The best advice I’ve ever heard regarding investing is if you don’t understand the investment don’t put your money into it. Similar advice can be said about stocks and is the philosophy of some of the greatest money managers. If you don’t understand how the company makes money, don’t buy the stock. It’s a pretty simple idea, but often overlooked.
By knowing how a company makes money, it becomes much easier to understand what will help and hurt a company when the facts change. Higher oil prices, for instance, may be good for an oil company, but bad for transportation companies.

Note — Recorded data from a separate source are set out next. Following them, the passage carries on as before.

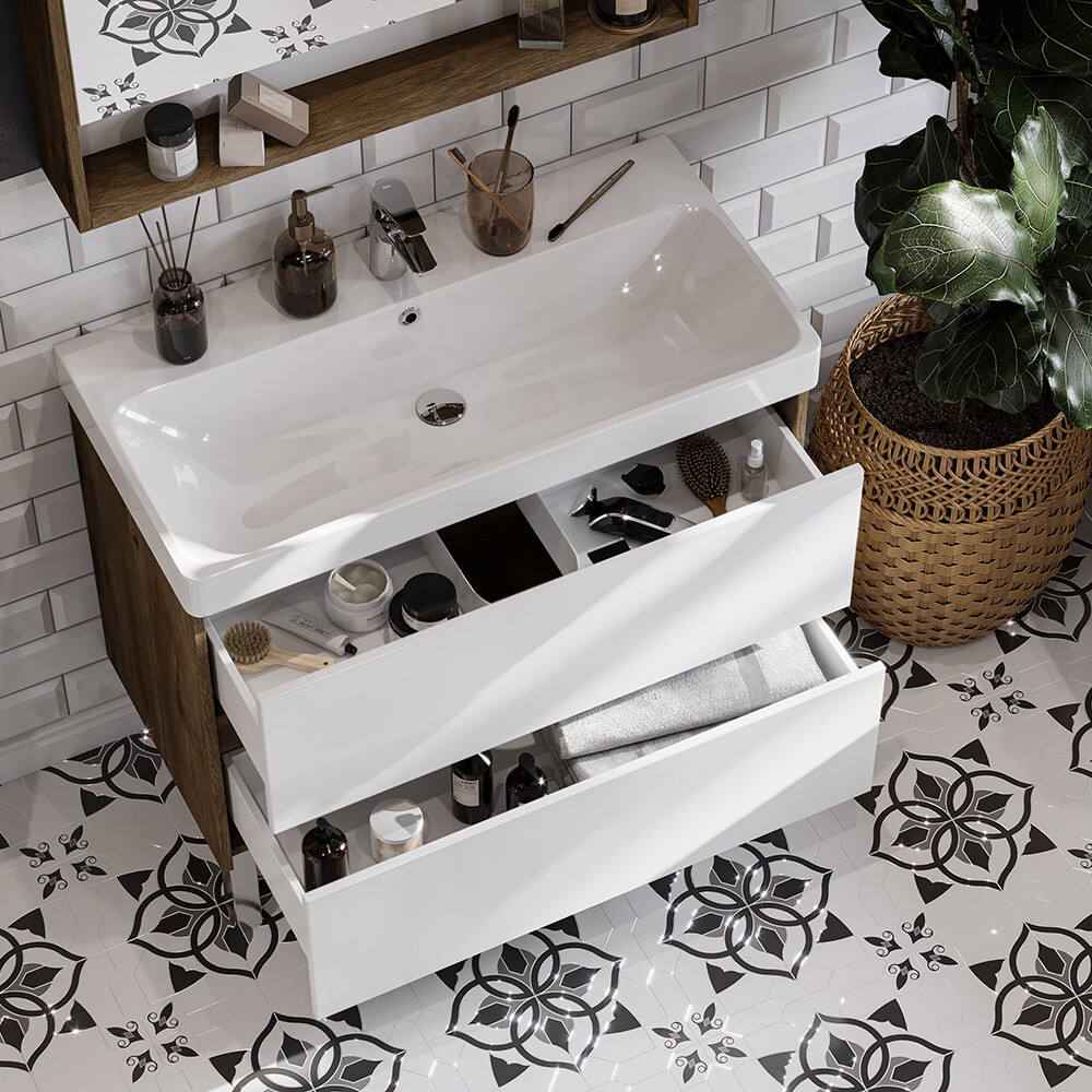 Тумба под раковину Aquaton Сканди 90 см подвесная белая/дуб рустикальный (1A251901SDZ90)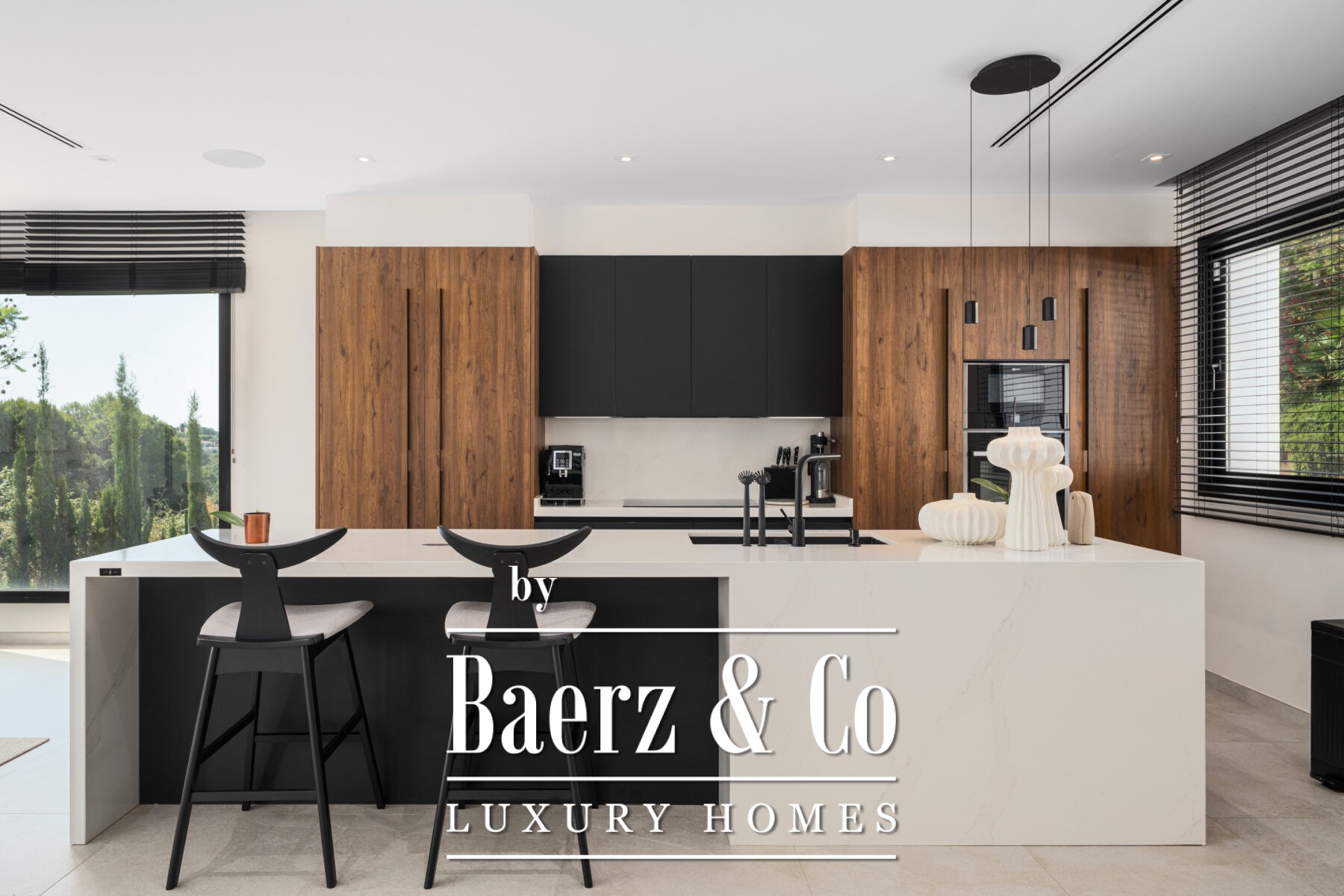 The residence’s architecture balances contemporary clarity with warmth, employing ceramic stone and wood finishes to create a poised atmosphere. Miele appliances, solar panels, electric blinds, and an advanced irrigation system speak to its sustainable detailing. Terraces open from all bedrooms and main spaces, leading to a covered swimming pool, outdoor barbecue area, and sauna, while panoramic golf course and Mediterranean Sea views act as a constant aesthetic backdrop.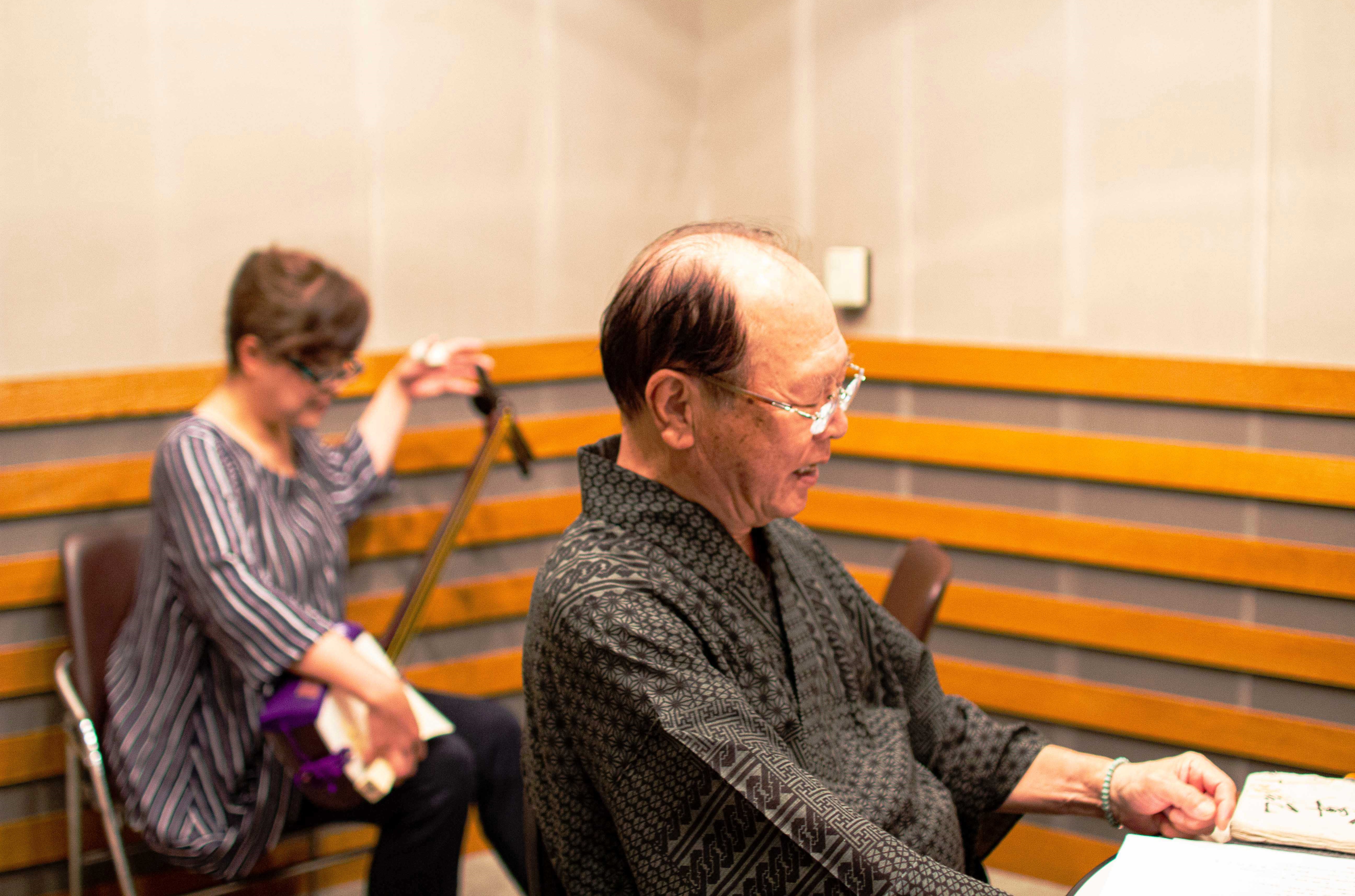 収録風景 鶴賀若狭掾師匠(右)、鶴賀伊勢吉(左)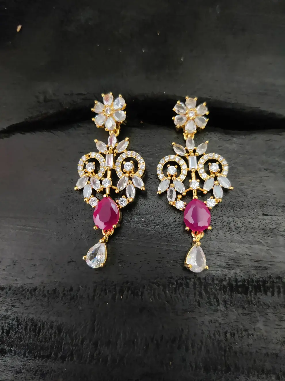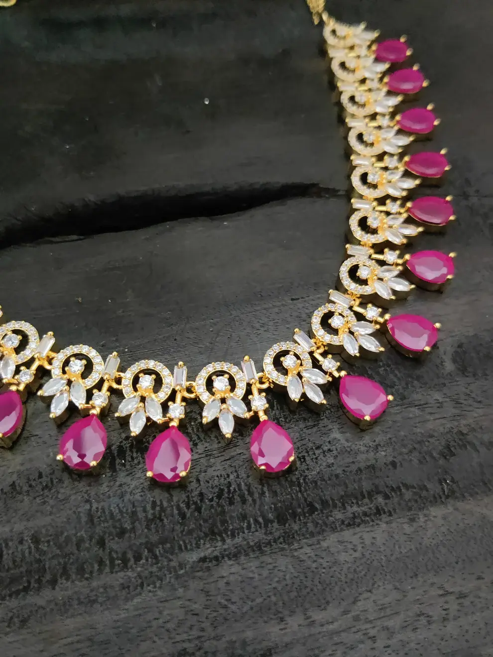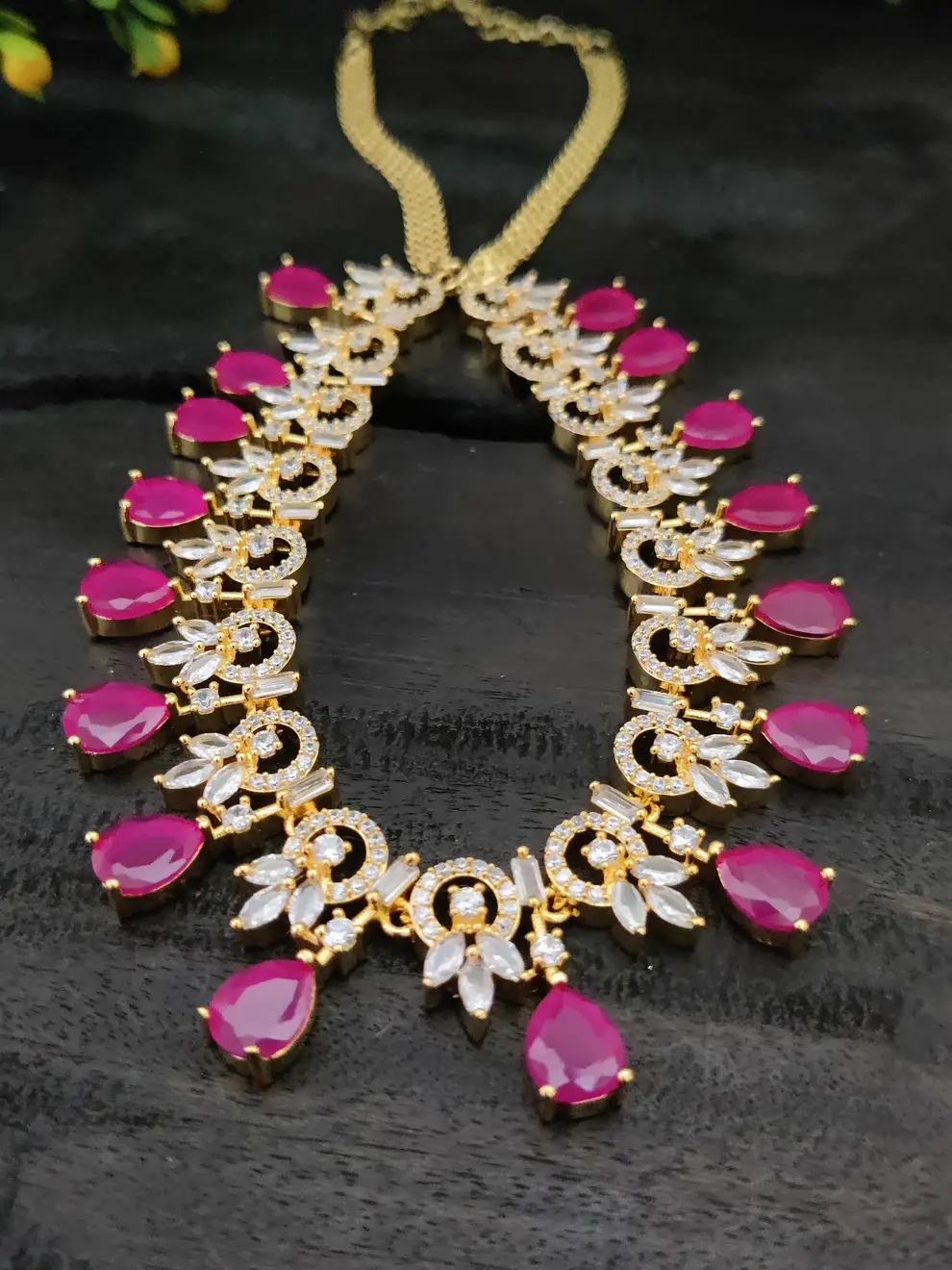 Add a regal touch to your look with this Yellow Gold Plated Necklace Set, adorned with dazzling ruby cubic zirconia stones. Perfect for weddings, parties, festive occasions, or gifting, this set includes matching earrings to complete your elegant ensemble.

If we are researching McDonald’s Corp. (NYSE: MCD), the next step is to find out how the company makes money. Head on over to your favorite research site and look for the company profile section. Digging through this information is the best place to start your research.
Know The Sector
There are several sectors that make up the economy. Each sector contains businesses that have the same or similar products or services. A stock will always fall into one of these sectors: Basic Materials, Industrial Goods, Consumer Goods, Financials, Healthcare, Services, Technology, Utilities, and Energy.
The reason a company’s sector matters is for diversification. It’s best to have no more than 20% of your portfolio in any one sector. You don’t need to be invested in every sector, but having a diversified portfolio across several sectors is a good idea.
For our example, McDonald’s fits into the Services sector. Which tell us that it sits in one of the broadest sectors of the economy. This gives you a good point of reference later on if the stock turns out to be investment worthy. Owning one or two stocks in the same sector can work out in your favor if they fit into separate industries.
Know The Industry
Just like the economy can be broken down into individual sectors. Each sector has several industries. An industry is a group of businesses that have similar business activities. Companies in the same industry tend to grow and make money in a similar way. Because of this it’s very easy to compare companies in the same industry.
From a diversification standpoint, you ultimately want to avoid owning more than one stock in the same industry. Stocks in the same industry tend to move in tandem with each other. However, if you choose to own more than one stock in the same industry, you take a bigger risk with your investment by doing so.
If we look again at McDonald’s, it fits into the Restaurant industry. If you didn’t know already, McDonald’s sells food, which is a very basic idea how the company makes money. By looking into the business summary we’ll get a better idea how the business works.
The Business Summary
Looking at the business summary for McDonald’s tells us the company is a food service retailer that offers various food items, soft drinks, coffee’s, and other beverages. At the end of 2010, there were just over 32,000 restaurants, in 117 different countries, including 26,000 operated by franchisees and 6,000 company owned.
To keep it simple, McDonald’s takes raw uncooked food, processes it, cooks it and sells it you and me for a profit. A large portion of the money being made is through franchisees, which pay licensing fees and royalties monthly. By having such a large franchisee base, McDonald’s shares the business risk with individual owners but still makes money in the process. When you buy your next Happy Meal, there’s a good chance that McDonald’s will only see a small portion of what you paid for it.
Understanding how a company makes money, gives you a better chance of making money for yourself. If you aren’t sure, or don’t understand, just avoid that stock and move on to the next one. McDonald’s may have been an easy example being a restaurant. But what if the stock was an oil or tech company. Do you know how Google makes money? What about Exxon Mobil?